Judge orders more inquiry into the case |
By Vir B. Lumicao
A 52-year-old Filipina pleaded guilty at the High Court on
Friday, Nov 18, to a charge of trafficking in dangerous drugs, but contradicted
her plea when she initially questioned the facts of the case as they were read
out, before admitting it reluctantly.
The last-minute shift of Susan B. Cumpio caught everyone by
surprise and prompted Judge Kevin Paul Zervos to delay sentencing until Feb 3,
as he ordered the prosecution to make further inquiry into the case.
“Guilty,” Cumpio, a widow who had a son in the Philippines,
said after a Tagalog court interpreter read out the particulars of the charge,
then asked for her plea.
But after the agreed facts were read to her, she initially
said she disagreed because there was something wrong with them, then said in
resignation: “Sige, oo na lang. (OK,
I agree).” Then she wept.
Zervos instructed the prosecution to take Cumpio’s statement
about the circumstances of her case. Then he asked why no one asked the
Immigration Department about the long travel record of the defendant.
“I noticed that (Cumpio’s) has had a long history of travel to
Hong Kong ,” Zervos said, citing that it
started on July 13, 2010 and ended with her arrest on Jun 15, 2015.
“Did anybody check with the Immigration about her travel
record?” the judge asked, to which the prosecutor replied no one had done that.
Zervos also hit Customs officers who he said were just
apprehending people and sitting on the cases focusing on the big picture
without looking at the details.
The judge cited new information supplied by prison chaplain
and anti-drug trafficking campaigner Fr John Wotherspoon, who requested barrister
Richard Donald, for the defense, to hand Zervos a letter appealing for
mitigation.
“It’s unfortunate that it came rather too late,” the judge
said.
But he acknowledged Fr John had long mounted a campaign
against drug trafficking syndicates using unsuspecting women and admitted he
drew insights from the chaplain’s views before making decisions.
Cumpio was arrested on Jul 15 last year when she arrived
from Sao Paulo , Brazil ,
via Dubai , and
attracted the attention of Customs officers with her unnatural gait.
When they searched her, they found nearly two kilograms of
suspected cocaine wrapped around her thighs and concealed in her tailor-made
underwear.
At the High Court on Friday, the prosecutor said the amount
the dangerous drug found on her was 1,994 grams with purity of 1,210 grams with
an estimated market value of $2.3 million at the time.

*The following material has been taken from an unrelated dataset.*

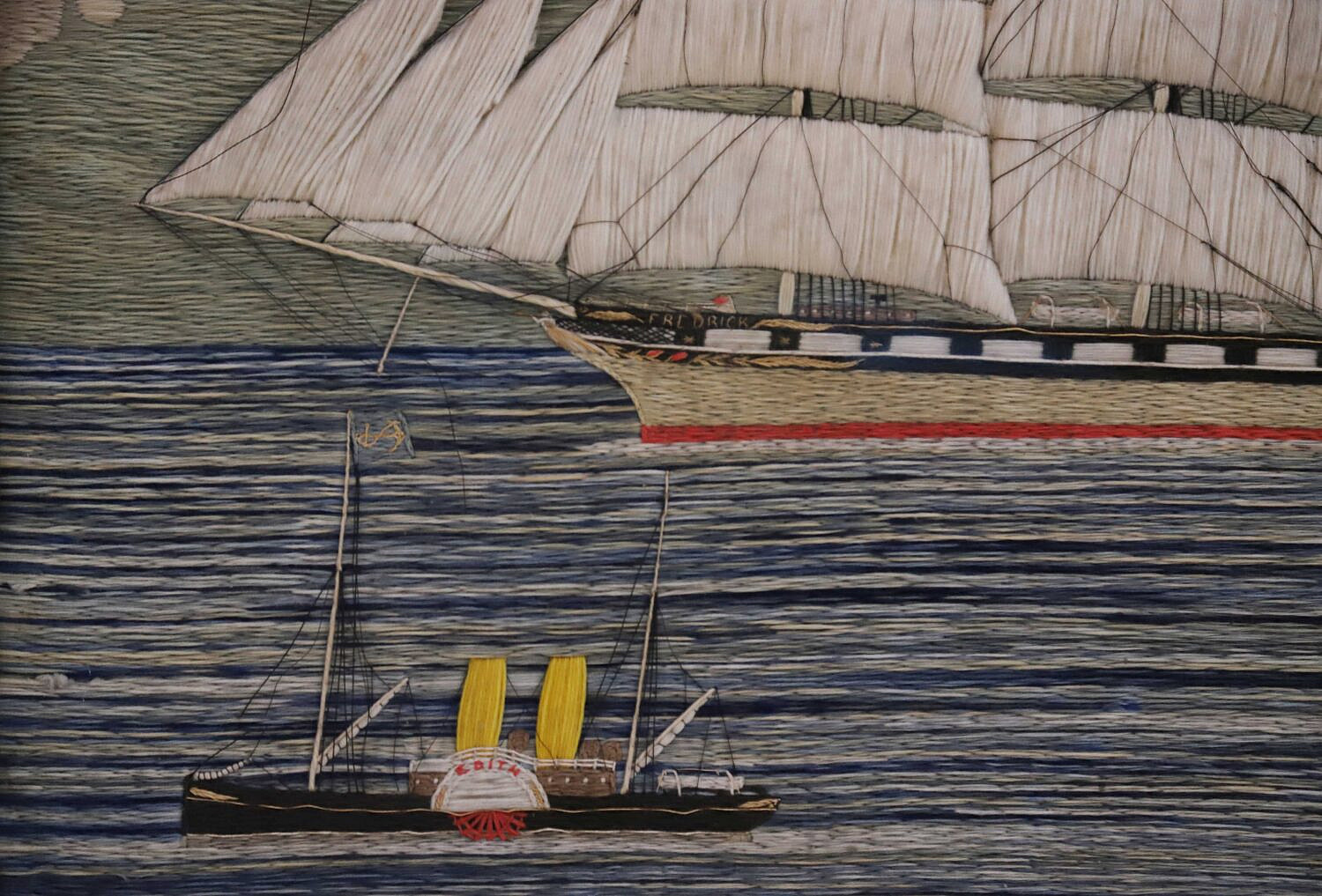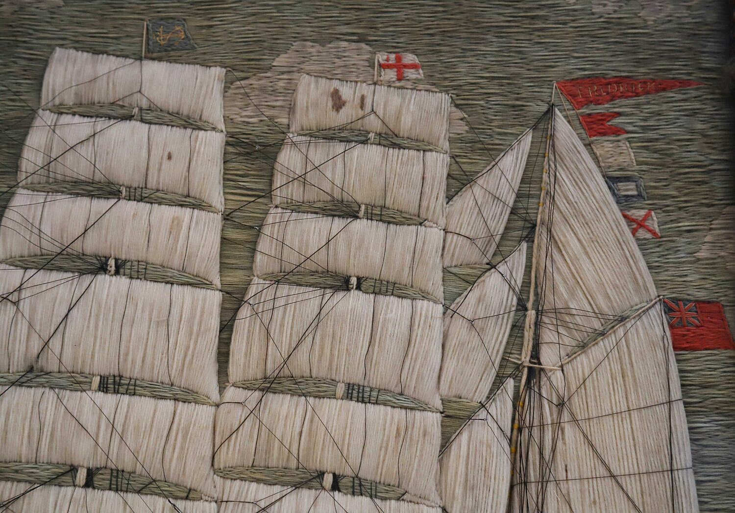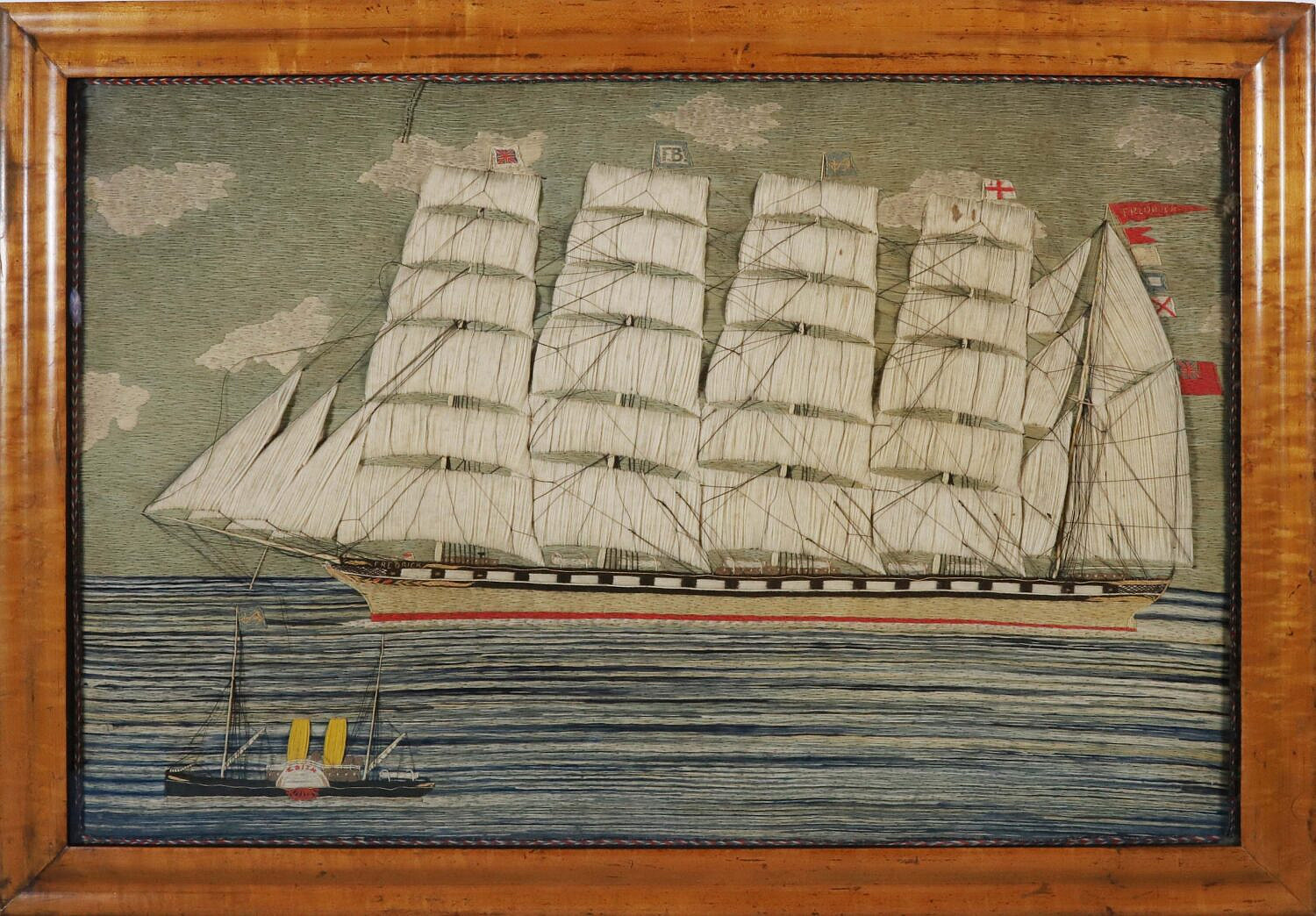 Fine British Man-O-War Woolie, 19th Century Consign Now DeptDecorative Arts, Maritime Arts, Textiles and QuiltsSize23 in. x 35 in. Framed 28 in. x 40 in. Fine British Man-O-War Woolie, 19th Century, depicting the 5-masted British ship Frederick with steam paddle Edity in foreground, in figured maple frame 23 in. x 35 in. Framed 28 in. x 40 in. Provenance: Joe Vallejo to the Present Owner Please note that this auction has ended. Click here for an overview of this auction.

The prosecution said she had a clear record and was not
addicted to drugs.
The defense counsel, in mitigation, said Cumpio was widowed
in 2005. She had worked as a shopkeeper and as waitress before she went to work
as a domestic helper in Singapore ,
then in Malaysia and Hong Kong .
In her hand-written statement which Fr Wotherspoon provided to
the court, the defendant said she was a widow who had been supporting her son,
now 17, and her parents in the Philippines
since her husband died.
She said she went to work as a domestic helper in Sao Paulo looking after
the three male children of a Brazilian family. After two years she met a
Tanzanian man who she fell in love with and “spent good times together” until
the man lost his job and “started acting stranger and becoming abusive towards
me.”
Days later Cumpio discovered the man was using drugs and
reported him to the police. He was arrested but after his release, things only
got worse, Cumpio said.
“He started becoming more abusive and (beat) me more often,”

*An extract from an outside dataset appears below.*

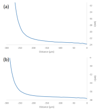 图2 Si晶片(a)和Si纳米管(b)的典型逼近曲线结果。随着探针与样品的距离减少,电流降低。
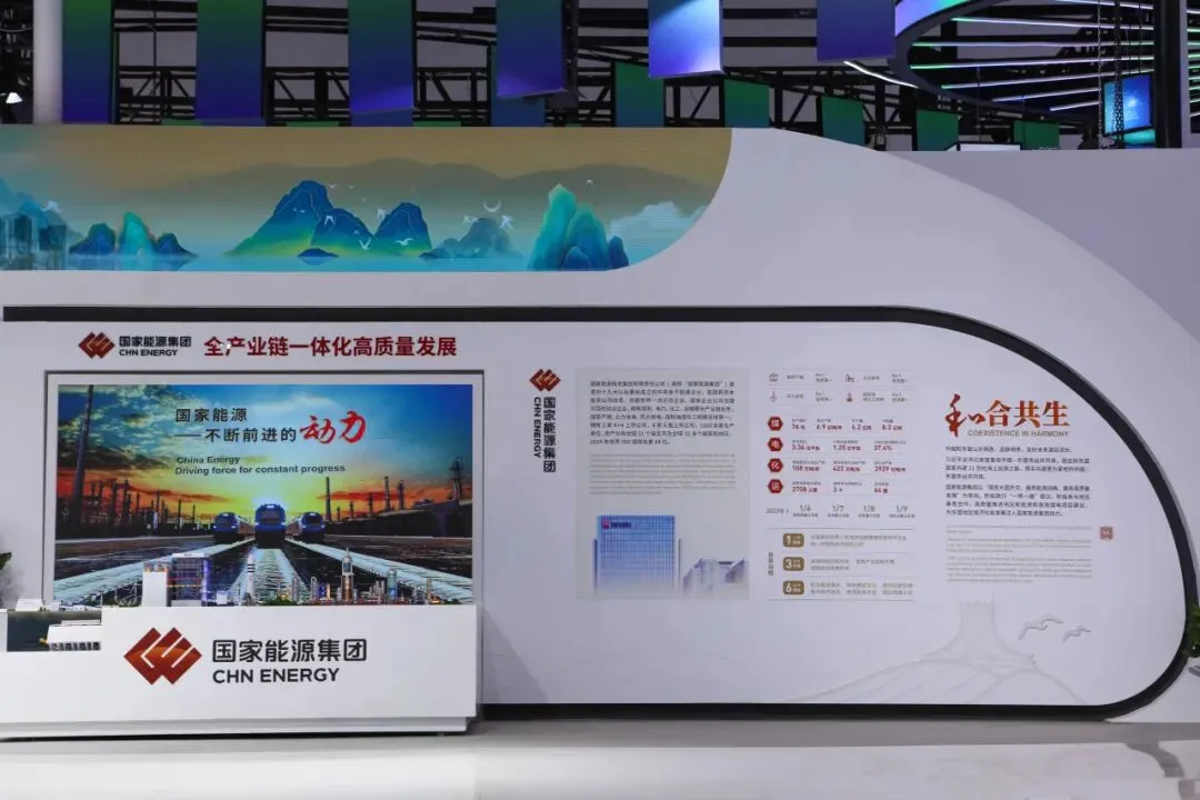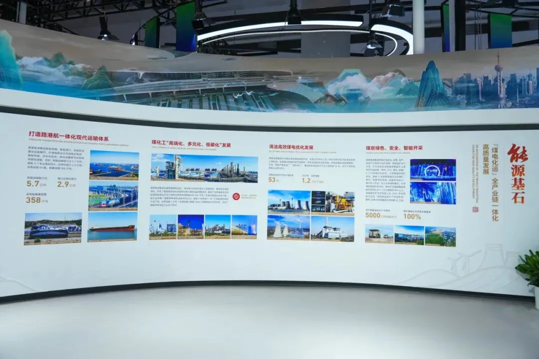该展区由“煤炭绿色、安全、智能开采”“清洁高效煤电优化发展”“煤化工‘高端化、多元化、低碳化’发展”“打造路港航一体化现代运输体系”四部分构成,用精彩的图文展现国家能源集团“煤电化运”全产业链一体化高质量发展的全过程。

she said. At one time the man beat her badly with a wooden plank that caused
her to lose her memory. She recovered
after being treated at a hospital.
She sought shelter in a church after that beating while her
lover was rearrested. However, after police freed the man, he sought her out
and they reconciled. But Cumpio said he only got worse and threatened to kill
her on a few occasions.
Eventually the man told her about his being in the drugs
business and offered her passage back to
the Philippines if she
agreed to make a trip to Hong Kong to deliver
drugs.
Cumpio said she accepted the offer because she no longer
wanted to live in Brazil ,
nad also because she wanted to see her family.